» **Provided entries**:
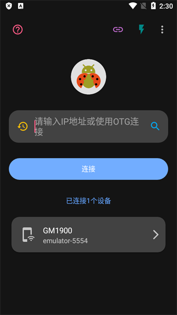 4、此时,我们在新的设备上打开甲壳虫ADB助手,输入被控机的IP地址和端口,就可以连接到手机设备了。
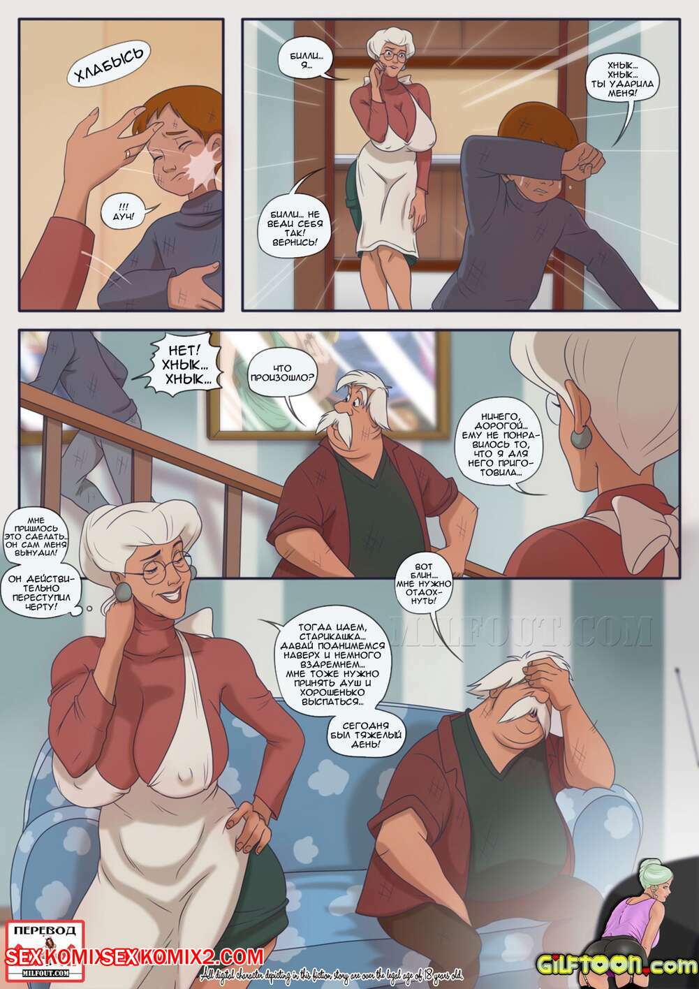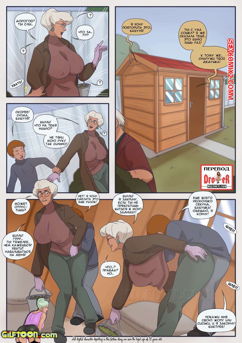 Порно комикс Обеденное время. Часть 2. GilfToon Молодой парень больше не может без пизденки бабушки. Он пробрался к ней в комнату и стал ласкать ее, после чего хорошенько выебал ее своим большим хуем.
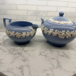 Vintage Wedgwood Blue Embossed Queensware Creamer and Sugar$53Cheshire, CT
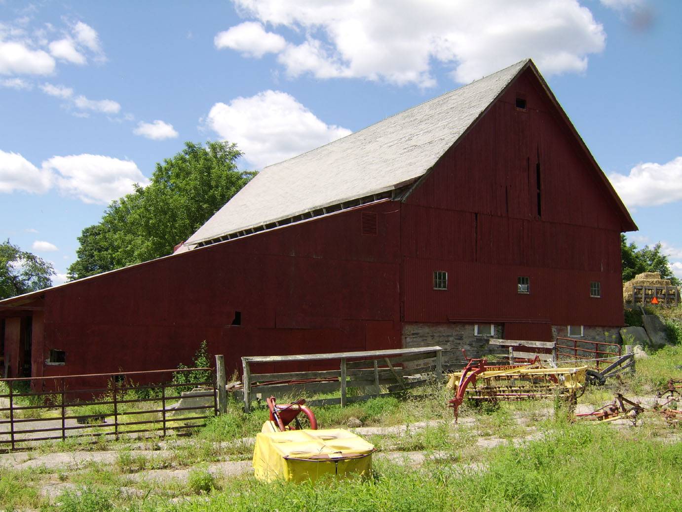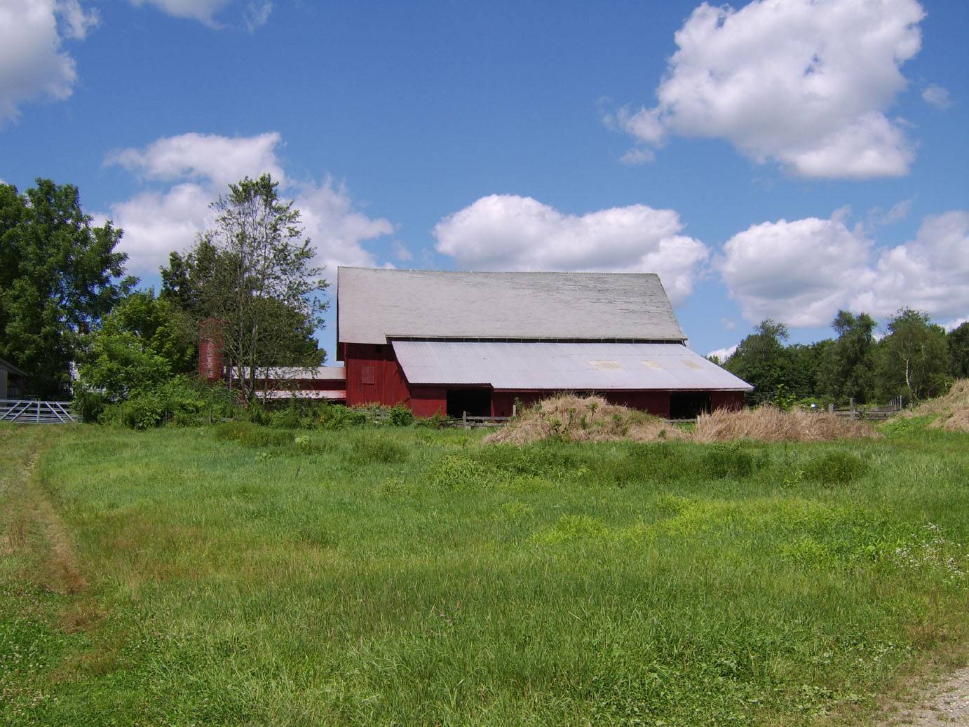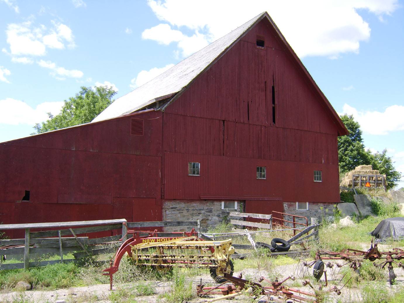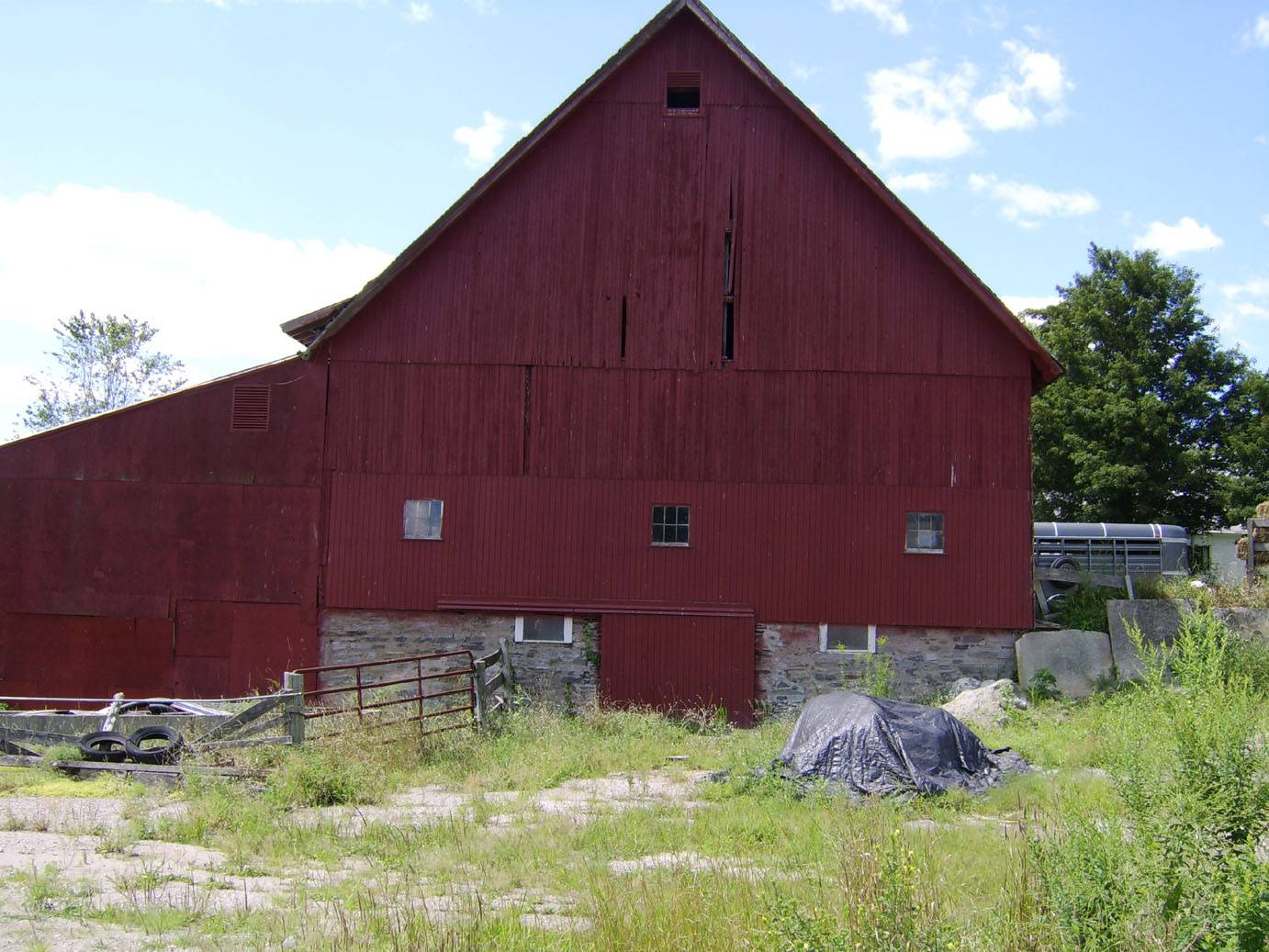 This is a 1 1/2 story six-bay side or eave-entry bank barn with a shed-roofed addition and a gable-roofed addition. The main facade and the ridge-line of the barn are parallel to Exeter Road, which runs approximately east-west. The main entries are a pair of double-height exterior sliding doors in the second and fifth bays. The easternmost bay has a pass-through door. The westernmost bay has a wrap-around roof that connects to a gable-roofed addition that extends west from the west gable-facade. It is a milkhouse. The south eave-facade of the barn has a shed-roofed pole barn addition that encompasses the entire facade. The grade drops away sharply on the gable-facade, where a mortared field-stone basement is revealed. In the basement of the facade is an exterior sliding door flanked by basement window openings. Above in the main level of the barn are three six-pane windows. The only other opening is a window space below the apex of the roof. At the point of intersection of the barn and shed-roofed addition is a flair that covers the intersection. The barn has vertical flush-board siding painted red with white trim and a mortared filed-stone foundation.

--

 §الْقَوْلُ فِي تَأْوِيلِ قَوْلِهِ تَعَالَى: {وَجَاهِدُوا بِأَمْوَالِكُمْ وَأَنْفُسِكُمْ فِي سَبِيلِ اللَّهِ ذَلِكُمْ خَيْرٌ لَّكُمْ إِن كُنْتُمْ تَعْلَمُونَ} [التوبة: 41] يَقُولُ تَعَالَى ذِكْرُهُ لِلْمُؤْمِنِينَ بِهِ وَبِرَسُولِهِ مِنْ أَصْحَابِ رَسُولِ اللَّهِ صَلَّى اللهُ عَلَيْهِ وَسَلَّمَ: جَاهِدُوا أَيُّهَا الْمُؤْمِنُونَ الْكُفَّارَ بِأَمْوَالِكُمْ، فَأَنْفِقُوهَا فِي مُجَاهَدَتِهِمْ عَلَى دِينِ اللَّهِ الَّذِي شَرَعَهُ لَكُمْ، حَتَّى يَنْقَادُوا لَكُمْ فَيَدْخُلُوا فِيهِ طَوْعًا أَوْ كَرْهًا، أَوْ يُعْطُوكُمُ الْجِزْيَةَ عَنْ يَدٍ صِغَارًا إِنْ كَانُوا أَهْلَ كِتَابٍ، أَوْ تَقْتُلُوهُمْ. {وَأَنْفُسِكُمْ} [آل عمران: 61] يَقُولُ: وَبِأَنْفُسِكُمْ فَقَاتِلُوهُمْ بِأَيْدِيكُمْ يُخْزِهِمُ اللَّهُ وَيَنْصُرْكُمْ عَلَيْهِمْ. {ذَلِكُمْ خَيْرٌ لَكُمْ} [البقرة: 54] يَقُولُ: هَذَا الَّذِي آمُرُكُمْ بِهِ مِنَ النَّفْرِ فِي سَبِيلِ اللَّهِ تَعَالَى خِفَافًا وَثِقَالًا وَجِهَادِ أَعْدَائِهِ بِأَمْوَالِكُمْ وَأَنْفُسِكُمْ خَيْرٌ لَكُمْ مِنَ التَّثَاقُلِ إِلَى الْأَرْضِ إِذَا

» **What you need to do**:
Working from the entries above, please transcribe only the lines from the line with "4、此时,我们在新的设备上打" through the line with "Vintage Wedgwood Blue", exactly, with both end lines and without pictures.

» **Result for this task**:
 4、此时,我们在新的设备上打开甲壳虫ADB助手,输入被控机的IP地址和端口,就可以连接到手机设备了。
 Порно комикс Обеденное время. Часть 2. GilfToon Молодой парень больше не может без пизденки бабушки. Он пробрался к ней в комнату и стал ласкать ее, после чего хорошенько выебал ее своим большим хуем.
 Vintage Wedgwood Blue Embossed Queensware Creamer and Sugar$53Cheshire, CT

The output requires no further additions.